L’évolution de la rhétorique dans les discours politiques apparait nettement dans l’approche privilégiée par la délégation de la République démocratique du Congo (RDC) qui avait fait du slogan « la RDC, pays-solution », son mantra à la COP26 de la CCNUCC qui a eu lieu à Glasgow du 31 octobre au 13 novembre 2021. Ce slogan ne doit rien au hasard. Le caractère de « pays solution » a été défendu en invoquant l’important massif forestier qu’abrite la RDC ainsi que les tourbières de la Cuvette Centrale, son potentiel énergétique représenté par le dense réseau hydrographique, mais aussi sa richesse en minerais stratégiques indispensables à la transition écologique. Cette formule choc s’inspire d’un concept récemment popularisé, celui des « solutions fondées sur la nature »[4] pour faire face au changement climatique et à d'autres défis de société, tels que les objectifs de développement durable. Cette démarche n’est pas propre à la RDC ; elle a été au centre des actions de plaidoyer menées en septembre 2021 au Congrès Mondial de la Nature par la COMIFAC, ses pays membres et partenaires qui ont appelé la communauté internationale à une coordination des actions pour un flux financier adéquat pour la préservation des écosystèmes et tourbières du Bassin du Congo, en tant que solution rentable fondée sur la nature[5]. En ce qui concerne les tourbières de la Cuvette Centrale en particulier, celles-ci sont souvent présentées comme une « solution fondée sur la nature »[6]. Elles s’étendent en RDC et en République du Congo sur 145 000 kilomètres carrés et constituent la plus grande étendue de tourbières dans les tropiques. Elles représentent ainsi l’un des écosystèmes les plus riches en carbone de la planète et piègent 30 milliards de tonnes de carbone[7]. Ces efforts de plaidoyer n’ont pas été infructueux ; à la COP 26 de la CCNUCC, un groupe de 12 donateurs internationaux s’est engagé à apporter une contribution financière s’élevant à au moins 1,5 milliard de dollars sur les quatre prochaines années pour soutenir la protection et la gestion durable des forêts du bassin du Congo.

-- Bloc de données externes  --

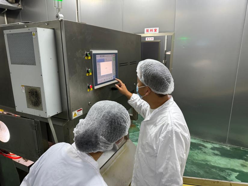 沈超還為蔬菜加工車間里引入了一批先進的設備,沈超向支隊成員介紹:“以前挑選雪菜都是依靠人工,但是人工挑菜肯定會出現一些問題,現在有了先進的設備,挑出來的雪菜質量也大幅上升。”生產車間內機器轟鳴,設備滿負荷運轉,經過挑選清洗、高溫漂燙、常溫冷卻、脫水烘干等嚴苛的工藝流程后,成品脫水雪菜便從生產線上流出,包裝后銷往各地。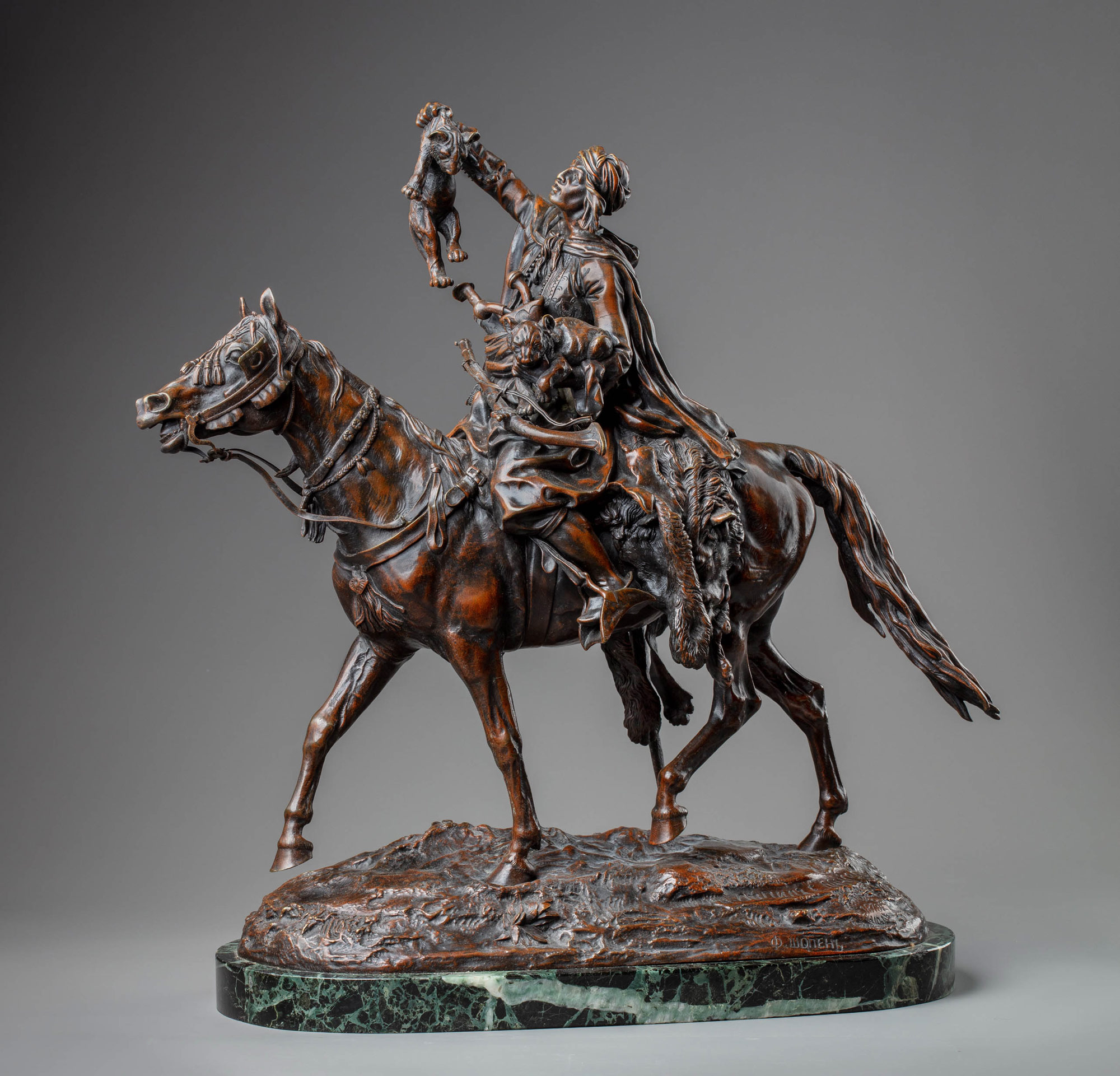 Одна из очень редких и уникальных для российского антикварного рынка бронзовых скульптурных композиций «Конный араб со львятами» (или «Возвращение со львиной охоты») на овальной подставке с позёмом в виде неровной каменистой почвы, отлитая из патинированной бронзы и установленная на мраморный постамент чёрно-зелёного цвета с белёсыми вкраплениями и прожилками, отлитых на крупнейшем бронзолитейном заводе «Братья Сюсс» в Париже по оригинальной модели «Конный араб со львятами» 1879 г. знаменитого санкт-петербургского скульптора-прикладника Е. А. Лансере. В его творчестве эта модель считается одной из самых монументальных и зрелищных образов, отражающих его интерес к восточной тематике и этнографии. После закрытия в 1902 г. в Санкт-Петербурге широко известной и лучшей в русской бронзолитейной промышленности фабрики художественной бронзы Феликса Шопена, многие хранящиеся в модельном кабинете фабрики оригинальные модели Е. А. Лансере были куплены и увезены во Францию успешными парижскими фабрикантами и бронзолитейщиками братьями Сюссами. Их целью было наладить у себя на производстве художественное литьё скульптур и пластических композиций из патинированной бронзы по оригинальным моделям широко известного на Западе скульптора Е. А. Лансере, которого они по-видимому рассматривали не только как самого талантливого русского художника в бронзолитейной отрасли, но и как своего исторического соотечественника на русской земле, имевшего французское происхождение.

Le fait de reconnaitre que les forêts du bassin du Congo sont au cœur des « solutions fondées sur la nature » ne devrait pas nous faire perdre de vue un autre aspect essentiel, celui de l’opérationnalisation de ce concept, en général, et de son opérationnalisation dans le secteur forestier, en particulier. Cette question a été abordée lors de la session consacrée au rôle des forêts et des arbres pendant le XXV Congrès mondial de l'IUFRO, à Curitiba au Brésil du 29 Septembre au 5 Octobre 2019 et aussi à bien d’autres occasions. En dépit de la volonté politique, l’opérationnalisation de ce concept demeure un processus inachevé. Il est donc urgent de s’interroger sur l’opérationnalisation de ce concept dans le contexte du bassin du Congo, en général, et l’apport éventuel de la recherche et de la formation, ou mieux des institutions membres du RIFFEAC, en particulier. En ce qui concerne la recherche, une telle réflexion a été déjà initiée par ailleurs, notamment par le Collectif de ministres de l'environnement et de chercheurs pour la défense du bassin du Congo[8]. Le RIFFEAC, en tant que partenaire technique de la COMIFAC, ne devrait pas rester en marge de cette nouvelle dynamique. Tout en faisant sienne les conclusions du Collectif de ministres de l'environnement et de chercheurs pour la défense du bassin du Congo, sa contribution pourrait s’articuler autour de trois piliers complémentaires :
Les articles publiés dans ce volume de la Revue Scientifique et Technique Forêt et Environnement du Bassin du Congo montrent que les institutions membres du RIFFEAC participent déjà de manière disparate aux piliers ci-dessus énumérés. Le positionnement du RIFFEAC dans cette nouvelle dynamique, avec une stratégie claire et un plan d’action réaliste, est le premier défi à relever. Le RIFFEAC a un avantage comparatif certain sur lequel il peut s’appuyer pour jouer sa partition avec succès.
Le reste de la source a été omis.